I pressed my fingertips to my eyes. What did I see in the darkness? Random moments, a mash-up of people, in no chartable sequence. Clients. Blair and Ann. Childhood moments. And then faded, then brighter, an image of V, motherly, serene. Her voice, from afar, words I'd never heard her say: “You are loved more than you can ever know.” And I believed I was.

Precious seconds passed. I didn't care. I could say almost everything in a minute.

“Sorry. Just not used to being in a room with you,” I said. “Let me do this as a lawyer. One, I do wish to lose myself when I'm in bed with you, but forgive me, I thought that was the point, and not just for me. Two, I know you think the world's biggest drug problem is testosterone—and I agree; I make my living fighting it—but I am not some testosterone-crazed sex addict. Some women want houses and diamonds hanging on the Christmas tree—that's not you. So I've given you what I can. What I thought you valued. Myself. And one of the best ways to give myself to you—to show you how much I love you—is sex. Maybe I didn't present that love in the best form, maybe I've tracked you like a bloodhound, but I've held nothing back. How many husbands can say that? Three, I am feeling like shit. You are too. Shouldn't that tell you that we are deeply in love? And that we can work this out?”

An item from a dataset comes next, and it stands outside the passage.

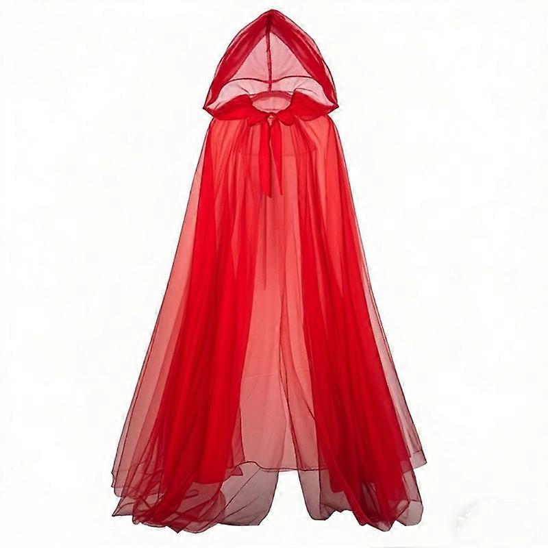 Scarlet Witch Cosplay Cape Halloween Ghost Costume Hooded Cloak Mesh Long Cape Party Performance Dress Adult Size 1.5m

Silence. Then Blair, in a whisper: “Please go.”

A knock at the door. “Dean Watkins?”

“Just a minute,” Blair called out.

“I thought we had more time,” I said.

“No, you thought you'd make me as miserable as you are.”

“Sorry if I hit a nerve,” I said.

From outside the door: “Dean Watkins, I can come back …”

Blair scribbled a note and pushed it across the desk:
5:00
.

I pocketed it without looking at it. Whatever worked for her.

The young woman outside Blair's door was texting madly. I wanted to tell her that her problems were the inconsequential troubles of youth and not worthy of the dean's attention, but she had a fresh face and a smile off a cereal box, and I saw laughter in Blair's immediate future. And I felt alone beyond alone.